## Data for processing
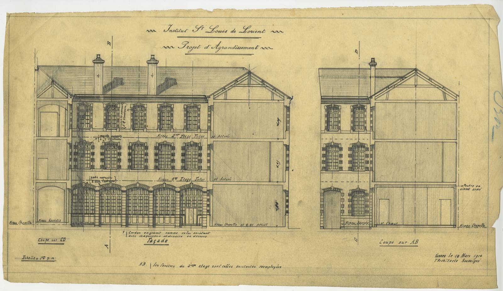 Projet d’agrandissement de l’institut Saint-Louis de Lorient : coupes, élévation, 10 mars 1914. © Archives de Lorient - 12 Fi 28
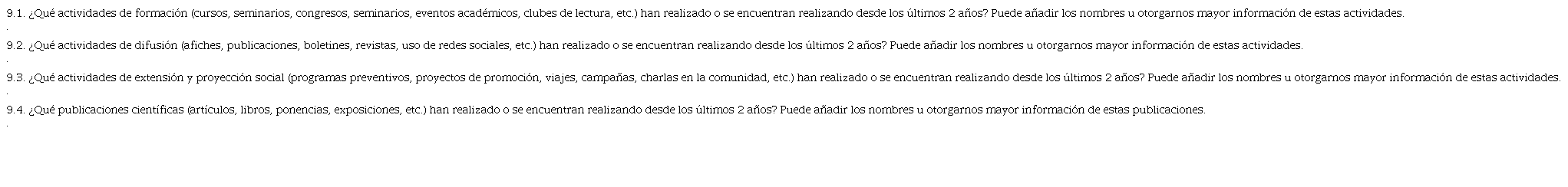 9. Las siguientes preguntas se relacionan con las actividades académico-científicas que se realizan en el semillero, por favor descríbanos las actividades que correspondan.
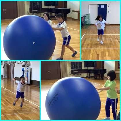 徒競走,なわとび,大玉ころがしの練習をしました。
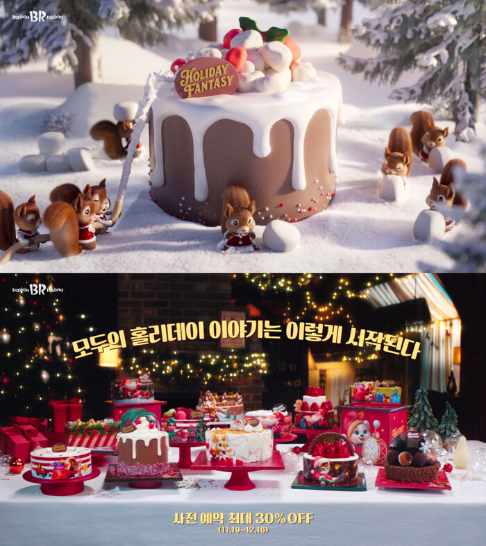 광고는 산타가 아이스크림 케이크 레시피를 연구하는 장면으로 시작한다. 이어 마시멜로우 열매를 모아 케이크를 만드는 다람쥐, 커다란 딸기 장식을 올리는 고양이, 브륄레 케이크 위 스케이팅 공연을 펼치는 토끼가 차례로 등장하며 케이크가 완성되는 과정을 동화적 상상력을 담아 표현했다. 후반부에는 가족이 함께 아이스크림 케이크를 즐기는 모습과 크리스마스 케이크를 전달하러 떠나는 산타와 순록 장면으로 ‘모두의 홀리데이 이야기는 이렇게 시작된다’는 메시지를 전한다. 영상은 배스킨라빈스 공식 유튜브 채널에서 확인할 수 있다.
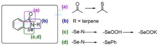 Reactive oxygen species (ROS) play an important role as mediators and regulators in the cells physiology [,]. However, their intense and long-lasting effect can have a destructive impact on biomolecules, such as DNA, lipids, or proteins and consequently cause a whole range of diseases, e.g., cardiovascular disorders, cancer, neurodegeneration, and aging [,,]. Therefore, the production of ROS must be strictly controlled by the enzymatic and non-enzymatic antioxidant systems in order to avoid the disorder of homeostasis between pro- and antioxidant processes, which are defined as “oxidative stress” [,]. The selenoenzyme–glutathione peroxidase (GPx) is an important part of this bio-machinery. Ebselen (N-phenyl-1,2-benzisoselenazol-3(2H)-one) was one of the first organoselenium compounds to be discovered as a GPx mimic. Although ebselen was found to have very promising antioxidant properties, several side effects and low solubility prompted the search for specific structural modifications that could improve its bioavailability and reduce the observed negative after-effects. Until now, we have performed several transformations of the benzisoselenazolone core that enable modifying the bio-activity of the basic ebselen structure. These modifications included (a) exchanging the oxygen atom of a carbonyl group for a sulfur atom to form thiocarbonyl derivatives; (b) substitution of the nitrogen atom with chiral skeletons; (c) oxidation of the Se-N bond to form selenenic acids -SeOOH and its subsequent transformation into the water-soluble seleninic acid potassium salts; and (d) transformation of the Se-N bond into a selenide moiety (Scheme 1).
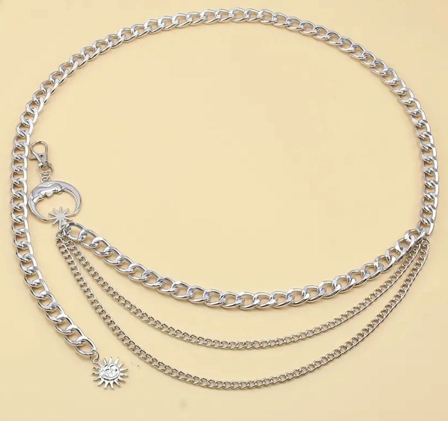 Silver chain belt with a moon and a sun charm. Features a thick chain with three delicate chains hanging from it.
--
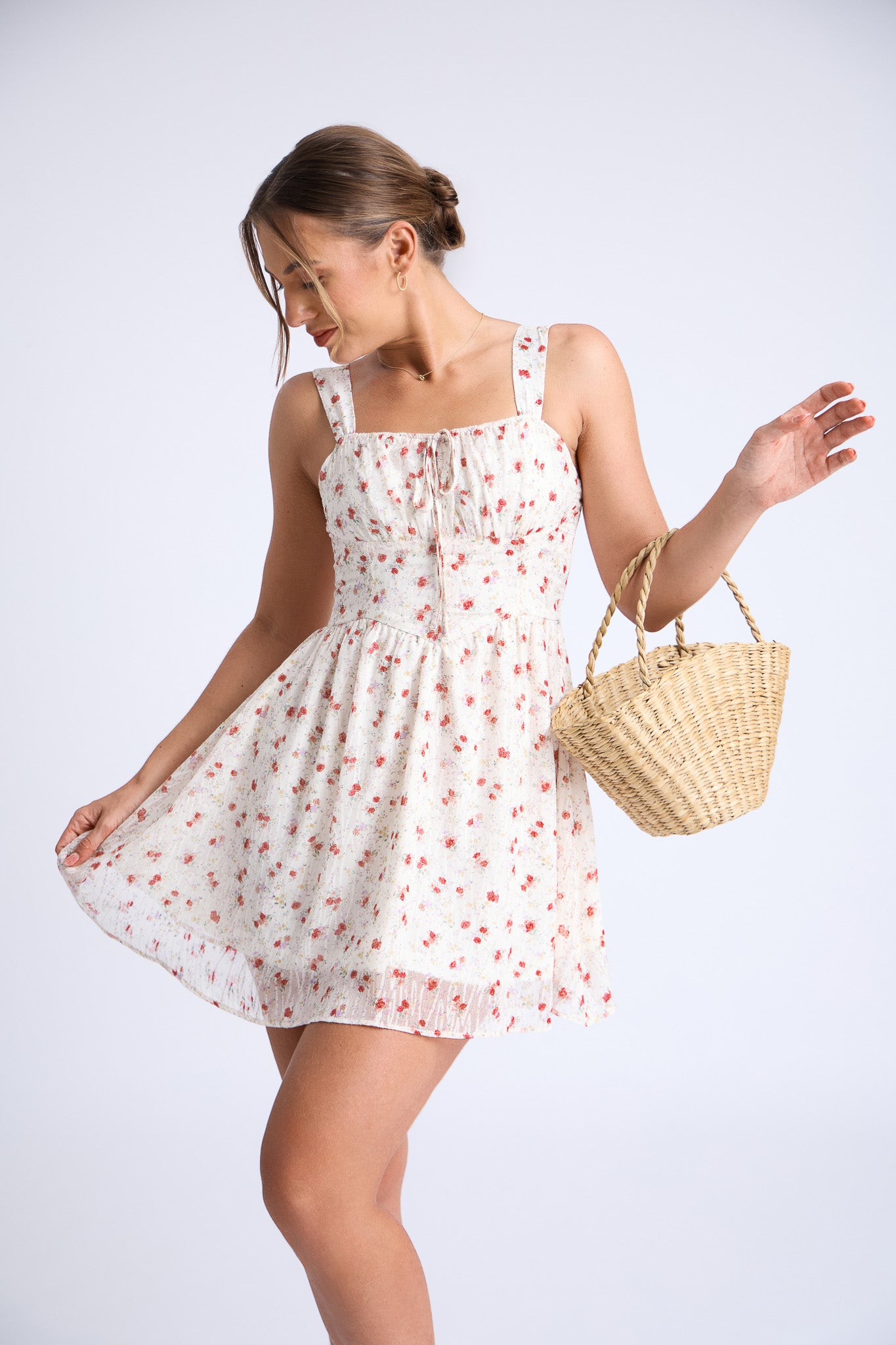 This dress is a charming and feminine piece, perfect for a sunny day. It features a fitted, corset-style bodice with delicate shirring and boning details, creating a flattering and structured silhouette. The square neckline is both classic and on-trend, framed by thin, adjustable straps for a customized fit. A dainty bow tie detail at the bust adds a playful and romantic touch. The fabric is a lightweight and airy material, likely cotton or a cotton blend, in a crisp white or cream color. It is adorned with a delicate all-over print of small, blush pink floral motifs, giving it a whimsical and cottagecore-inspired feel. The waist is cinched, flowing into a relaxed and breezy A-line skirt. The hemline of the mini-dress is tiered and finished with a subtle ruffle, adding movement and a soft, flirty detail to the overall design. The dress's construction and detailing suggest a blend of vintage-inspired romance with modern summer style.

## Your objective
Although the records above contain pictures, the copy should not; retype exactly the lines from the one containing "徒競走,なわとび,大玉ころがしの練習をしました。" through the one containing "광고는 산타가 아이스크림".

## Response
 徒競走,なわとび,大玉ころがしの練習をしました。
 광고는 산타가 아이스크림 케이크 레시피를 연구하는 장면으로 시작한다. 이어 마시멜로우 열매를 모아 케이크를 만드는 다람쥐, 커다란 딸기 장식을 올리는 고양이, 브륄레 케이크 위 스케이팅 공연을 펼치는 토끼가 차례로 등장하며 케이크가 완성되는 과정을 동화적 상상력을 담아 표현했다. 후반부에는 가족이 함께 아이스크림 케이크를 즐기는 모습과 크리스마스 케이크를 전달하러 떠나는 산타와 순록 장면으로 ‘모두의 홀리데이 이야기는 이렇게 시작된다’는 메시지를 전한다. 영상은 배스킨라빈스 공식 유튜브 채널에서 확인할 수 있다.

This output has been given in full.